The House of Mirth
The House of Mirth has been described as one of the two works by female novelists of this period most likely to be considered naturalism, with Kate Chopin’s The Awakening being the other. It’s the story of Lily Bart, a high-society maiden whose family fortune is lost. Lily has a chance for a middle-class existence with the lawyer Lawrence Selden, but Wharton makes it quite clear that Lily is the product of her early environment, in which there was nothing worse to live in a dull apartment and own ugly things, and thus cannot ever marry Lawrence Selden (316). For the same reason, she cannot marry the wealthy Mr. Rosedale, who is not quite in society enough and highly unrefined; she needs both taste and money. She is finally reduced to the point that neither Lawrence nor Rosedale desire to marry her (although Rosedale offers to, if she can regain stature), and lives a pathetic lower-class existence, without any lower-class skills, before accidentally overdosing one sleeping medication – committing suicide (if unintentionally) in true naturalist fashion.
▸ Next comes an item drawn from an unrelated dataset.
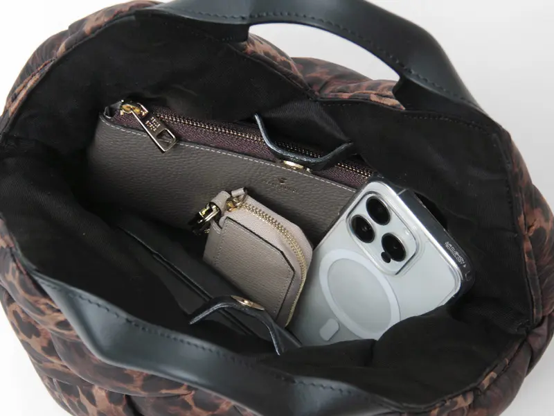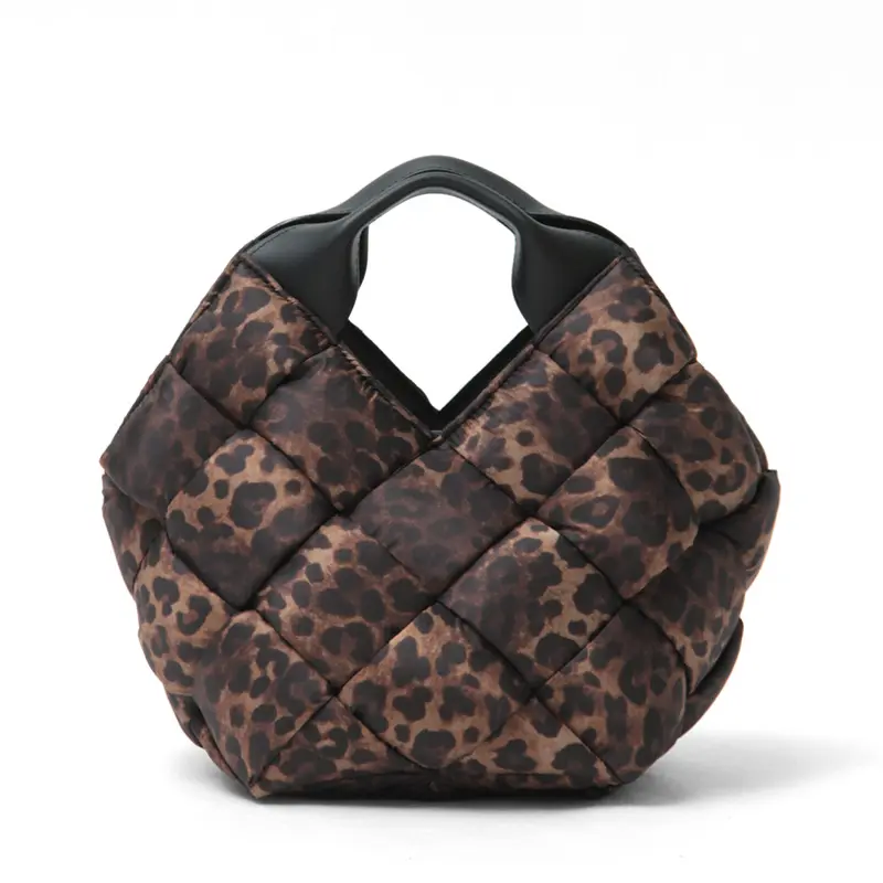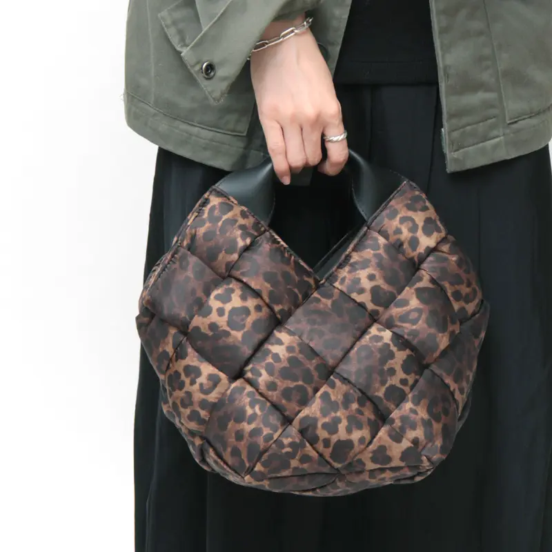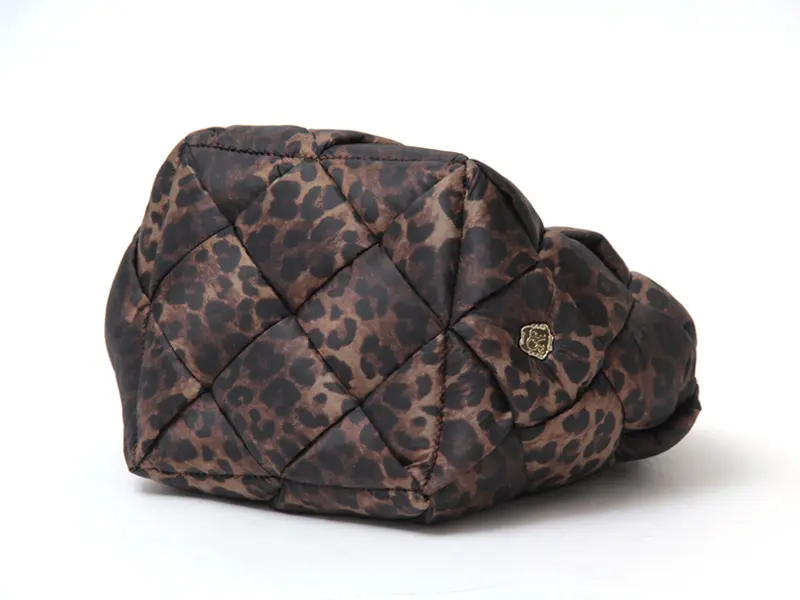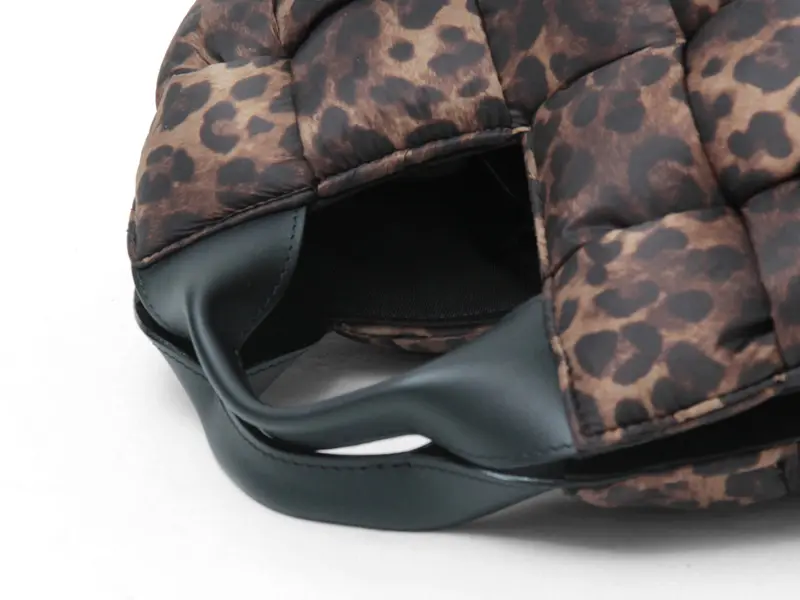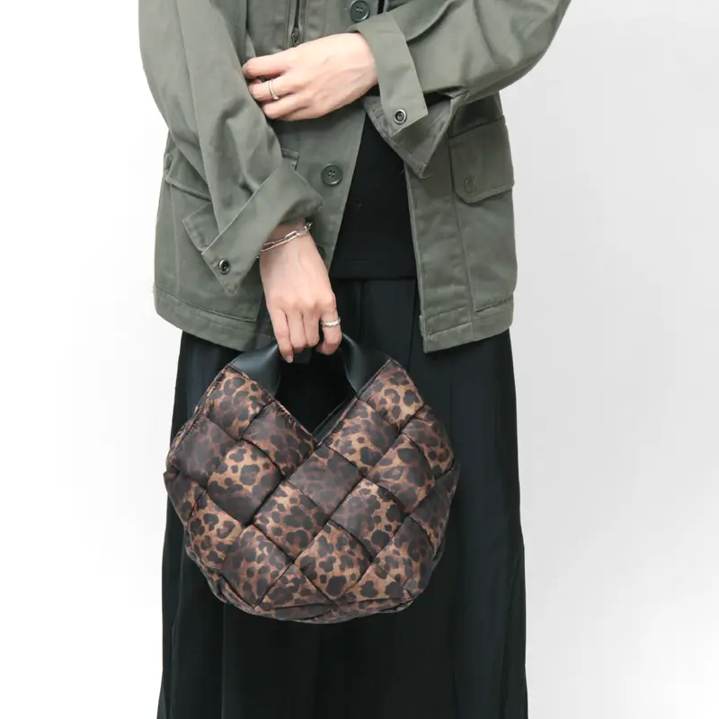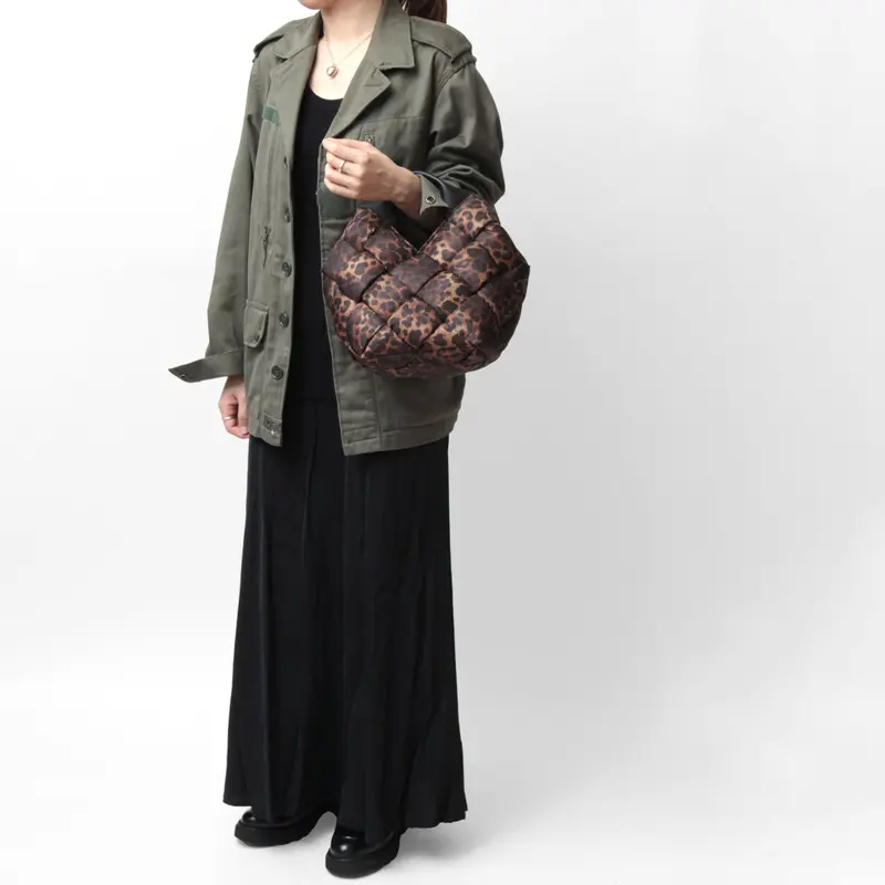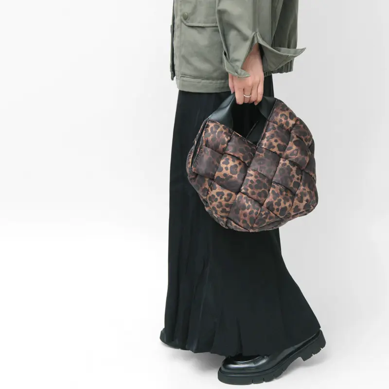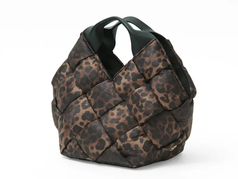 中綿入りの太めのナイロンを編んだ斬新なデザインでありながらコーデに馴染み、さり気なく存在感を発揮。レオパード柄ナイロンのカジュアル素材にレザーハンドルで、ヴィオラドーロらしい上品な仕上がりに。軽やかな持ち心地も嬉しいポイント。

Beyond the obvious connection to naturalism that comes from Wharton declaring that Selden “was, like Lily, the victim of his environment” (160), I’m most interested in the way this novel manages to reduce everything to basic economics. Strangely, Lily is never described as “ruined” in the novel, perhaps because she is never physically “ruined” but only rumored to have been ruined, by virtue of her connection to a married man, Gus Trenor. Her connection to Trenor is of course provable because she borrowed money from him; she is rumored to be ruined sexually because she was ruined financially. Of course, women can’t be ruined financially, as men can; in the case of House of Mirth, Lily’s father: “I’m ruined” he says, when the fortune fails (34). But the family’s fortune isn’t entirely gone until Lily is ruined as well: Lily’s beauty “was the last asset in their fortunes, the nucleus around which their life was to be rebuilt” (35). This completes the circle. Men are ruined when they lose finances; women are ruined when they have had sex outside of marriage, rendering them no longer eligible to marry men with fortunes. This observation is of course not unique to Wharton – Prince Amerigo, after all, hears in Charlotte’s beauty the chink of gold in The Golden Bowl – but it draws an incredibly clear line between Wharton’s novel and The Rise of Silas Lapham, a line that solidifies Mirth’s status as naturalism. In Lapham, money turns out to be no substitute for taste, and morals rise above both of those; in Mirth, both taste and morals are simply processes by which money makes itself felt – even the possibly immoral and seemingly distasteful Mr. Rosedale is eventually able to transmute his gold into a strong standing in the upper-class community. In The House of Mirth, every interaction is fundamentally revealed to be a financial transaction. The only possible exception is Lily’s union with Lawrence, which she can never bring herself to make, as it is a move full of both morality and taste, but forecloses all paths to future financial success.
On a side note of naturalist import, the novel is full of interesting naturalistic observations – characters are often described as automatons or cogs in a giant machine (54, 324-325). More important is an interesting gender distinction; when Lily is in a more lively (aka Aestheticist) surrounding we get this description: “Little as she wasin the key of their milieu, her immense social facility, her long habit of adapting herself to others without suffering her own outline to be blurred […] had won for her an important place in the Gormer group” (248). The downfall of both Theron Ware and Vandover is that they cannot adapt themselves to those around them without losing their own selves; Lily, I think for purely gender reasons, is allowed that privilege.